Her fork pauses halfway to her mouth, and she blinks at me.

“Wait. You can cook?”

I arch a brow. “You sound surprised.”

She answers with her mouth full of rye toast slathered in grape jelly.

“I—”

“Andy, it’s not polite to talk with your mouth full,” Callie scolds primly from her little chair at the side table, mimicking her teacher’s voice.

Andy slaps her hand over her mouth and giggles. Giggles.

Like she isn’t driving me insane just by sitting there in one of her loose T-shirts, her hair loose, her belly softly rounding with my child.

“You are right again, Princess. Thank you for telling me,” she says sweetly, and winks at Callie.

My chest tightens.

Because, fuck me, the two of them together?
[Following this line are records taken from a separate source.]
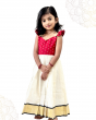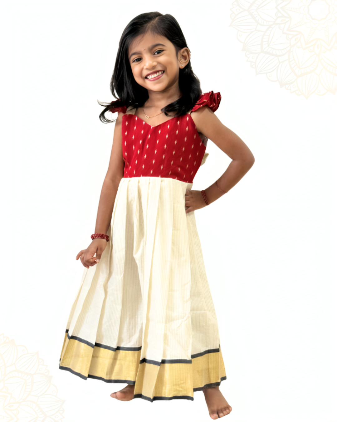 A charming Kasavu frock featuring a maroon butta cotton fabric on the chest, paired with elegant ruffle sleeves for a festive look. Designed with a soft cotton lining, it ensures comfort along with traditional elegance. Perfect for festivals, weddings, and cultural occasions.
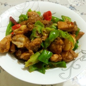 最后加入绿辣椒、红辣椒,翻炒!加少许生抽、胡椒粉、调味!尝尝味道是否够,不够加盐!
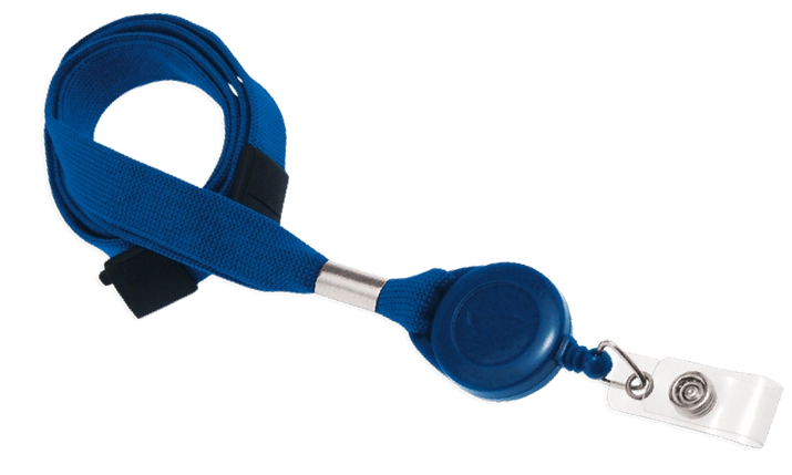 Lănțișor albastru cu dispozitiv de siguranță în caz de tragere puternică a lănțișorului. Curea din poliester care se termină într-un inel de chei de tip yoyo cu un cordon de tragere pentru aproximativ 700mm. Cablul se termină cu o curea de vinil cu un dispozitiv de fixare.
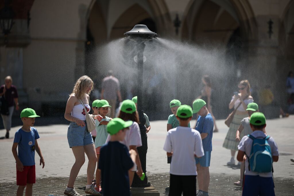 | Brouillard rafraîchissant par une chaude journée à Cracovie, en Pologne. |
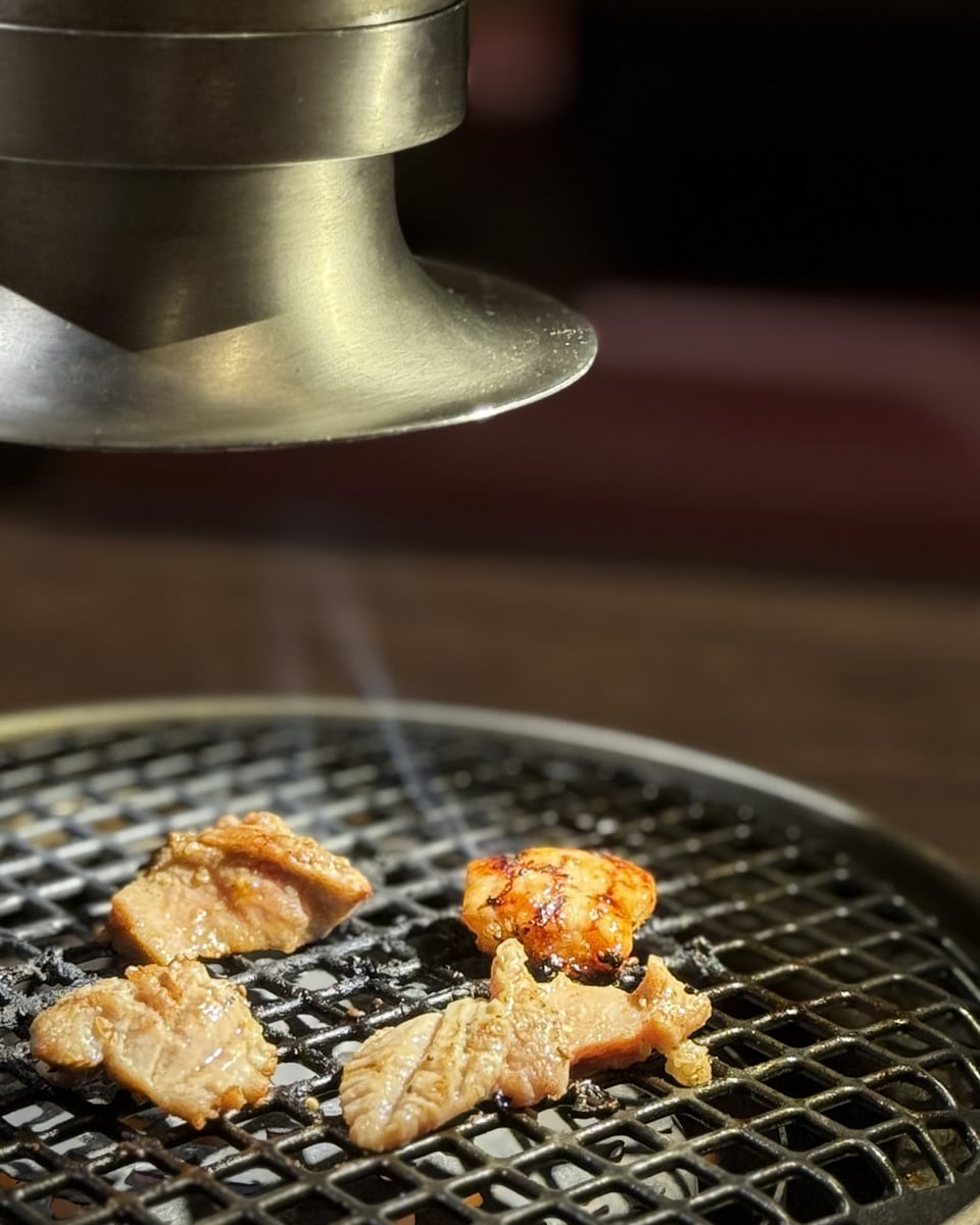 スポットライトのある網の上で焼き上げたお肉たち。肉汁も相まってよりキラキラして見えます。お店で下処理, カッティングもしているので、より新鮮で、大きい身を頂けます。
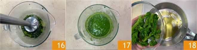 Pürieren 16, bis eine glatte und homogene Sauce entsteht 17. In einer Pfanne das Öl erhitzen und den Rübstiel hinzufügen 18.
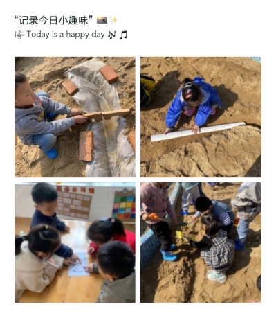 他们在沙堆里任意地掏洞、挖沟,有趣的游戏促使他们更多地“发明”不同的玩法,幼儿的创造意识和能力也渐渐成长起来。孩子们在沙水区游戏中学会了如何与人交往沟通,学会分享与合作,并且锻炼了孩子们的规则意识。
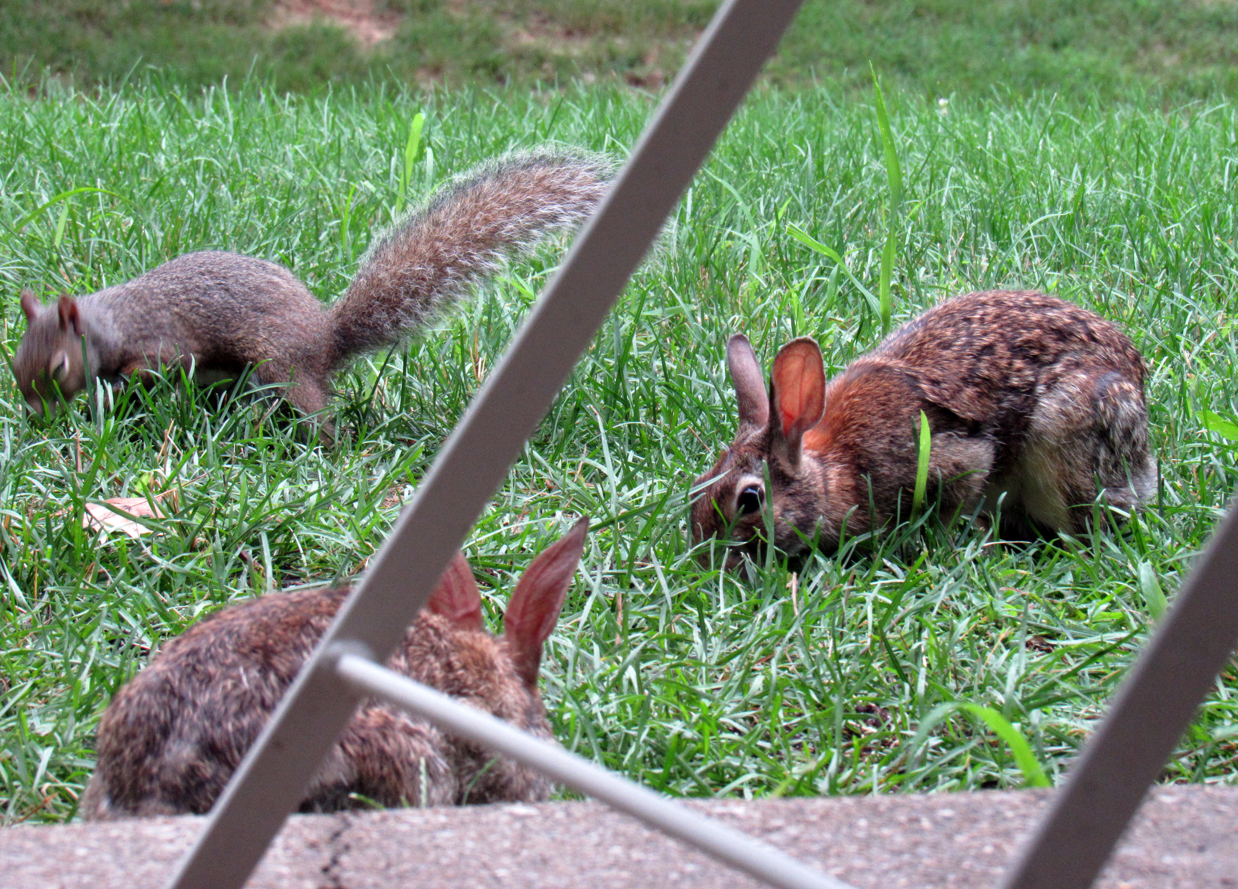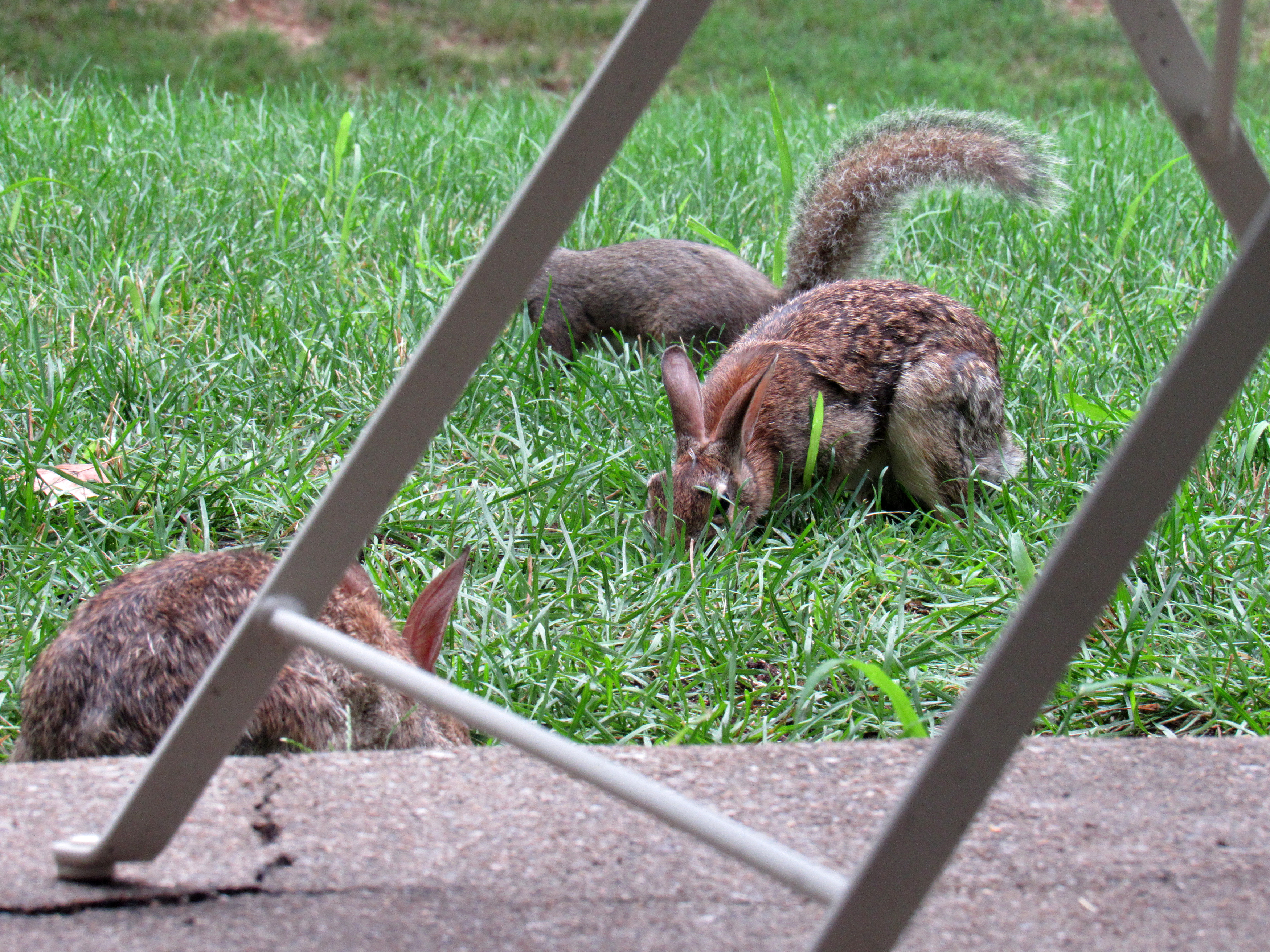 We have a regular rabbit who visits us at dawn and dusk and of course, many squirrels that stop by throughout the day. But it's not every day that we have two rabbits show up! And the squirrel adds some spice to the party. As you can see, this all went down in the grasses right outside my patio.

It’s more than I deserve, but I want it anyway.

I want everything she is, everything she has to offer.

Callie beams, satisfied, then scuttles off to cram broken crayons and stuffed animals into her tiny backpack, muttering to herself like a little general preparing for war.

I take a sip of my coffee—too hot, scalding down my throat, but it barely registers.

My attention’s glued to Andy.

“How long do you need to get ready?” I ask casually.

Except there’s nothing casual about the way I can’t stop staring.

At the curve of her throat as she swallows.

At her lips shiny with jelly.

At the way her breasts push against the cotton fabric, heavier, fuller already with pregnancy.

The food I made for her.

The babies I put in her.

Christ. My cock’s hard as steel, and if I stand right now in these tactical pants, she’ll see exactly how gone I am for her.

So I don’t move.

I grip my mug instead, let the heat bite into my palms, and keep my eyes on her like she’s the only meal I want.

“Ten minutes,” she says lightly, then makes a face. “Ooh, make that fifteen. I forgot there’s more of me to wash these days. Not like there wasn’t plenty to wash before.”

Self-deprecating. Like she isn’t perfect.